One-time restore drill¶

Run this once after the first weekly backup lands, then quarterly thereafter. The drill restores into a scratch DB inside the local container (commands resolve the container ID dynamically):

# 1. Make sure the local dev DB container is up
docker compose ps                                              # should show `db` running

# 2. Pick + download the latest weekly dump from S3
aws --profile <s3-admin> s3 ls s3://<backup-bucket>/ --recursive | tail -1
aws --profile <s3-admin> s3 cp s3://<backup-bucket>/YYYY/MM/DD/vidit-<ts>.dump /tmp/vidit-drill.dump

# 3. Copy the dump into the running container and create an empty scratch DB
DB=$(docker compose ps -q db)
docker cp /tmp/vidit-drill.dump "${DB}:/tmp/vidit.dump"
docker compose exec db psql -U vision -d postgres -c "CREATE DATABASE vidit_restore_drill;"

# 4. Restore into the scratch DB (--no-owner --no-acl mirrors the dump flags)
docker compose exec db pg_restore --no-owner --no-acl \
    --dbname=postgresql://vision:vision@localhost:5432/vidit_restore_drill \
    /tmp/vidit.dump

# 5. Sanity check: row counts on the tables that matter, alembic head, PostGIS smoke test
docker compose exec db psql -U vision -d vidit_restore_drill -c "
    SELECT 'users' AS t, COUNT(*) FROM users
    UNION ALL SELECT 'geolocations', COUNT(*) FROM geolocations
    UNION ALL SELECT 'media', COUNT(*) FROM media
    UNION ALL SELECT 'bounties', COUNT(*) FROM bounties
    UNION ALL SELECT 'follows', COUNT(*) FROM follows
    UNION ALL SELECT 'tags', COUNT(*) FROM tags
    UNION ALL SELECT 'invite_codes', COUNT(*) FROM invite_codes
    ORDER BY 1;
    SELECT version_num FROM alembic_version;
    SELECT ST_GeomFromText('POINT(2.349 48.864)', 4326) IS NOT NULL AS postgis_works;
"

# 6. Tear down: drop the scratch DB and clean the dump artifacts
docker compose exec db psql -U vision -d postgres -c "DROP DATABASE vidit_restore_drill;"
docker compose exec db rm -f /tmp/vidit.dump
rm -f /tmp/vidit-drill.dump

The drill works against either PG version locally: pg_restore is forward-compatible, so a PG-16 dump from the cron restores cleanly into a local PG 16 or PG 18 server.

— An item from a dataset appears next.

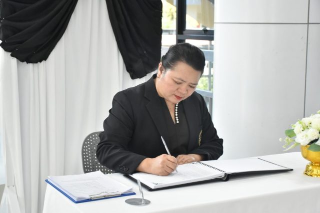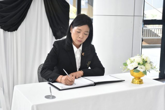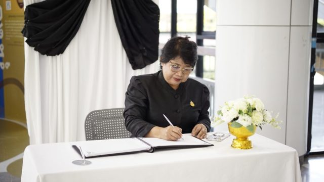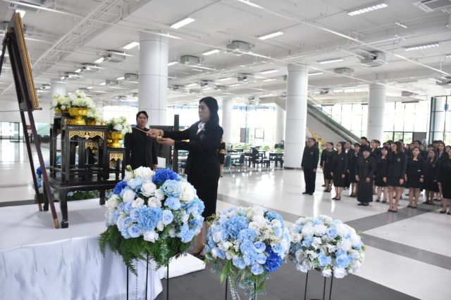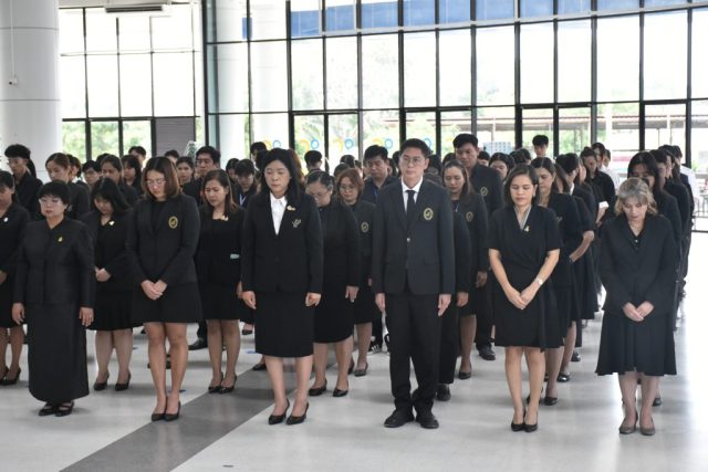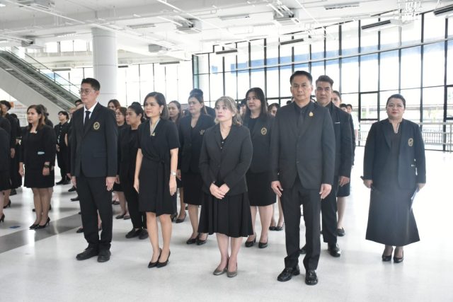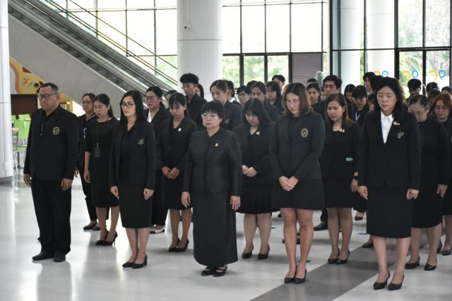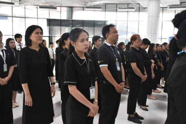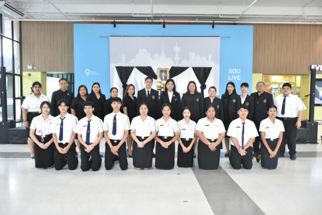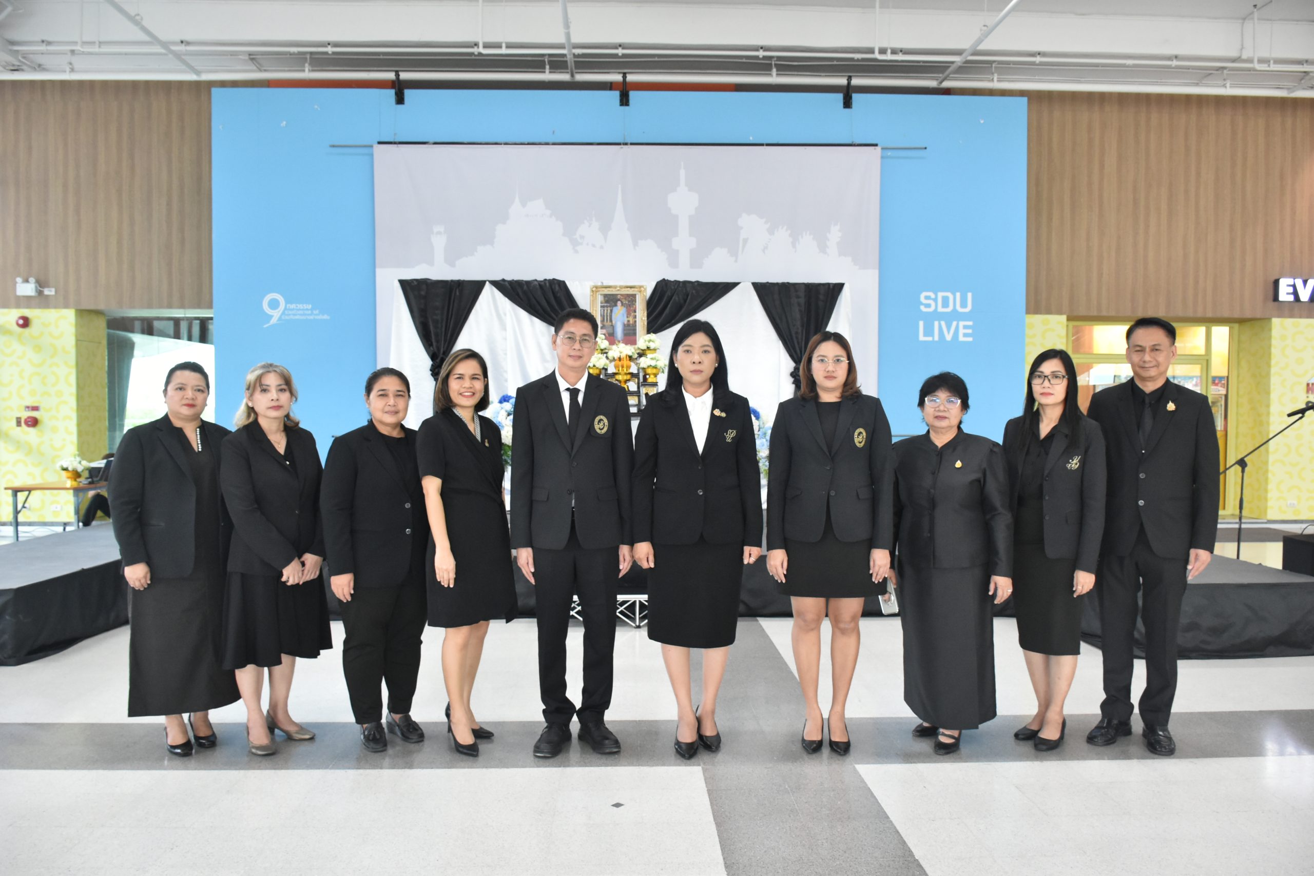 มหาวิทยาลัยสวนดุสิต จัดพีธีถวายความอาลัย สมเด็จพระนางเจ้าสิริกิติ์ พระบรมราชินีนาถ พระบรมราชชนนีพันปีหลวง โดยจัดพิธีโดยพร้อมเพียงทั้งวิทยาเขตและศูนย์การศึกษา โดยมี ผู้ช่วยศาสตราจารย์ ดร.พิทักษ์ จันทร์เจริญ อธิการบดี มหาวิทยาลัยสวนดุสิต เป็นประธานในพิธี ซึ่งวิทยาเขตสุพรรณบุรี นำโดย นางกัณณ์อลิน สุอังคะวาทิน ผู้อำนวยการสำนักงานวิทยาเขตสุพรรณบุรี พร้อมคณะผู้บริหาร คณาจารย์ บุคลากร และนักศึกษา เข้าร่วมพีธีถวายความอาลัย สมเด็จพระนางเจ้าสิริกิติ์ พระบรมราชินีนาถ พระบรมราชชนนีพันปีหลวง โดยพร้อมเพรียงในวันพฤหัสบดีที่ 30 ตุลาคม 2568 เวลา 15.20-15.40 น. ณ โถงอเนกประสงค์ ชั้น 3 อาคาร ดร.สุขุม เฉลยทรัพย์ มหาวิทยาลัยสวนดุสิต วิทยาเขตสุพรรณบุรี

If steps 4–5 return plausible counts and the PostGIS smoke test returns t, the dump is restorable. Record the date and dump filename in CHANGELOG.md (under ### Operations, e.g., "Restore drill verified YYYY-MM-DD against vidit-<ts>.dump").

Manual snapshot and rollback¶

The release ritual around a deploy that ships a migration. Migrations run as a Railway pre-deploy step (uv run alembic upgrade head); a failed one retries 3× then leaves the service failed with the schema half-applied. Get a fresh backup before any deploy that includes a migration.

Two constraints shape how this works (see engineering.md → Deployment and Particularities): prod DB public networking is off; and the backend container ships only libpq5, not the pg_dump / pg_restore client binaries (those live in the backend-backup cron image, postgres:16).

1. Snapshot before deploying. Don't wait for the Monday run — trigger the backend-backup service on demand:

Railway dashboard → project `vidit` → service `backend-backup` → Deployments → Redeploy

Confirm a fresh object lands under today's YYYY/MM/DD/ prefix before deploying.

If a deploy goes wrong, recover in this order:

2a — Code-only rollback (no schema change involved): re-run the deploy workflow with the previous tag, or hit "Redeploy previous" on the Railway backend service. No DB touch.
2b — Schema downgrade (undo one migration, keep data): run Alembic inside the app container, where the internal DATABASE_URL already points at the live DB and alembic is installed (it's the pre-deploy hook):
```
railway ssh --service backend -- 'uv run alembic downgrade -1'
```
2c — Full restore (data corruption, or downgrade isn't safe): the restore drill below is the validated pg_restore procedure. Live restore: run pg_restore from a one-off postgres:16 container on the Railway network, or temporarily open public DB networking. pg_restore --clean --if-exists wipes anything added since the snapshot; for partial recovery, restore into a scratch DB and copy specific tables out.

A dedicated restore job is not yet scheduled.